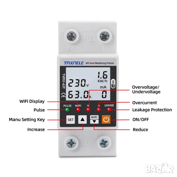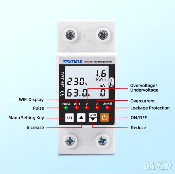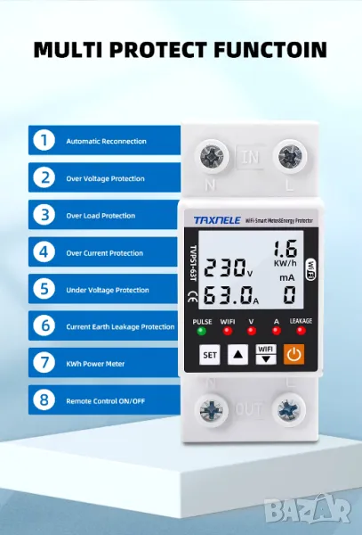 - Удобна инсталация: Устройството е проектирано да отговаря на размерите на 35 mm DIN шина, което го прави лесно за инсталиране и интегриране в съществуващи електрически системи, с удобен за потребителя интерфейс и възможности за дистанционно наблюдение чрез приложението TUYA.
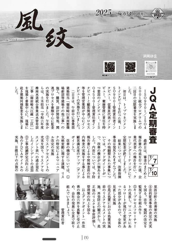 2025年8月1日 / 最終更新日 : 2026年1月6日 ex 新着情報 風紋8月号(No,634)をアップしました! 風紋8月号を見る 社内報一覧ページを見る 弊社の社内報、風紋8月(No,634)をアップしました。 風紋8月号(No,634)ダイジェスト JQA定期審査 全国安全週間 健康経営セミナー 健康ワンポイントアドバイス あなたの伴走者 つぶやき 安全標語優秀賞をいただきました 浜岡中学校職業講話 FacebookXBlueskyHatenaCopy
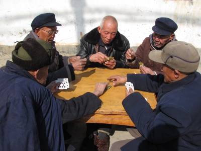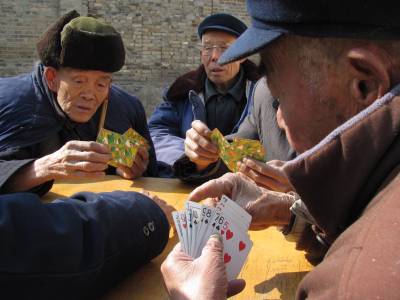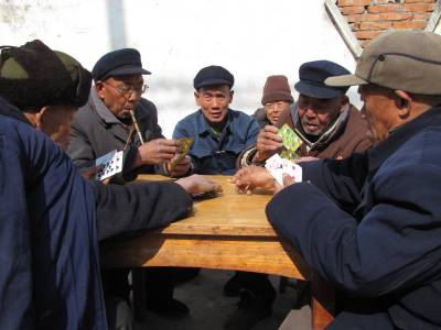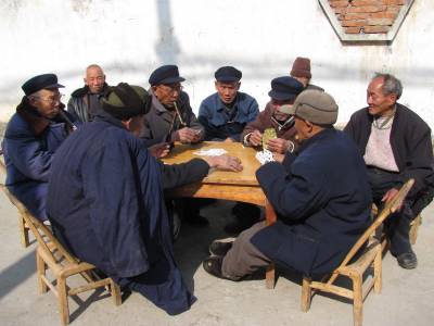 2011年2月1日,湖北省十堰市郧县刘洞镇福利院的孤寡老人们正在打扑克。当天老人们聚集在院落里,有的下棋,有的打扑克,有的打乒乓球,欢声笑语不绝于耳,他们在这里老有所养,老有所乐。
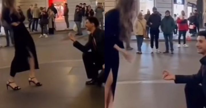 L’episodio surreale ha avuto luogo in Largo Carlo Goldoni a Roma, dove un ragazzo ha invitato la sua fidanzata a ballare sulle note di “‘O sole mio”, per poi inginocchiarsi e farle la fatidica proposta mostrandole l’anello. Lei imbarazzata dice: “Ma che c***o fai” e già questa reazione ha subito smorzato quell’alone di romanticismo che aleggiava sulla coppia.
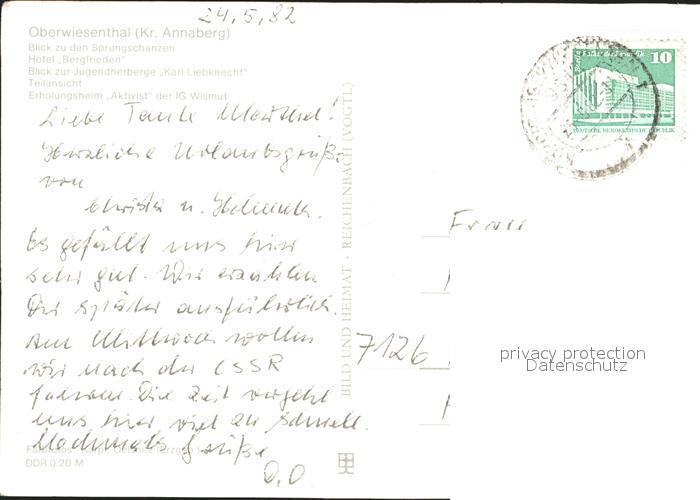 72375058 alte Postkarte Oberwiesenthal Erzgebirge Seilbahn Hotel Bergfrieden Erholungsheim Aktivist postalisch gelaufen Erhaltung siehe scans KatCode: 11110014171240
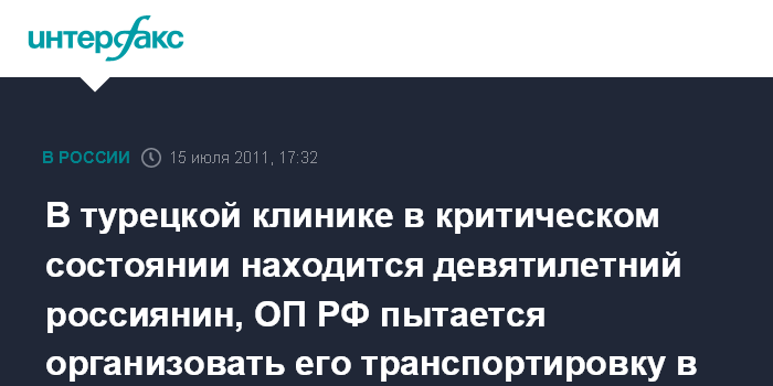 Москва. 15 июля. INTERFAX.RU - Общественная палата РФ обратилась в Минздравсоцразвития России за помощью в транспортировке из Турции девятилетнего Кирилла Гудкова, находящегося в критическом состоянии после тяжелой травмы, полученной на курорте Алания.

→ **Problem details**: Output the listing word for word. Drop the pictures.

→ **Exercise answer**:
 - Удобна инсталация: Устройството е проектирано да отговаря на размерите на 35 mm DIN шина, което го прави лесно за инсталиране и интегриране в съществуващи електрически системи, с удобен за потребителя интерфейс и възможности за дистанционно наблюдение чрез приложението TUYA.
 2025年8月1日 / 最終更新日 : 2026年1月6日 ex 新着情報 風紋8月号(No,634)をアップしました! 風紋8月号を見る 社内報一覧ページを見る 弊社の社内報、風紋8月(No,634)をアップしました。 風紋8月号(No,634)ダイジェスト JQA定期審査 全国安全週間 健康経営セミナー 健康ワンポイントアドバイス あなたの伴走者 つぶやき 安全標語優秀賞をいただきました 浜岡中学校職業講話 FacebookXBlueskyHatenaCopy
 2011年2月1日,湖北省十堰市郧县刘洞镇福利院的孤寡老人们正在打扑克。当天老人们聚集在院落里,有的下棋,有的打扑克,有的打乒乓球,欢声笑语不绝于耳,他们在这里老有所养,老有所乐。
 L’episodio surreale ha avuto luogo in Largo Carlo Goldoni a Roma, dove un ragazzo ha invitato la sua fidanzata a ballare sulle note di “‘O sole mio”, per poi inginocchiarsi e farle la fatidica proposta mostrandole l’anello. Lei imbarazzata dice: “Ma che c***o fai” e già questa reazione ha subito smorzato quell’alone di romanticismo che aleggiava sulla coppia.
 72375058 alte Postkarte Oberwiesenthal Erzgebirge Seilbahn Hotel Bergfrieden Erholungsheim Aktivist postalisch gelaufen Erhaltung siehe scans KatCode: 11110014171240
 Москва. 15 июля. INTERFAX.RU - Общественная палата РФ обратилась в Минздравсоцразвития России за помощью в транспортировке из Турции девятилетнего Кирилла Гудкова, находящегося в критическом состоянии после тяжелой травмы, полученной на курорте Алания.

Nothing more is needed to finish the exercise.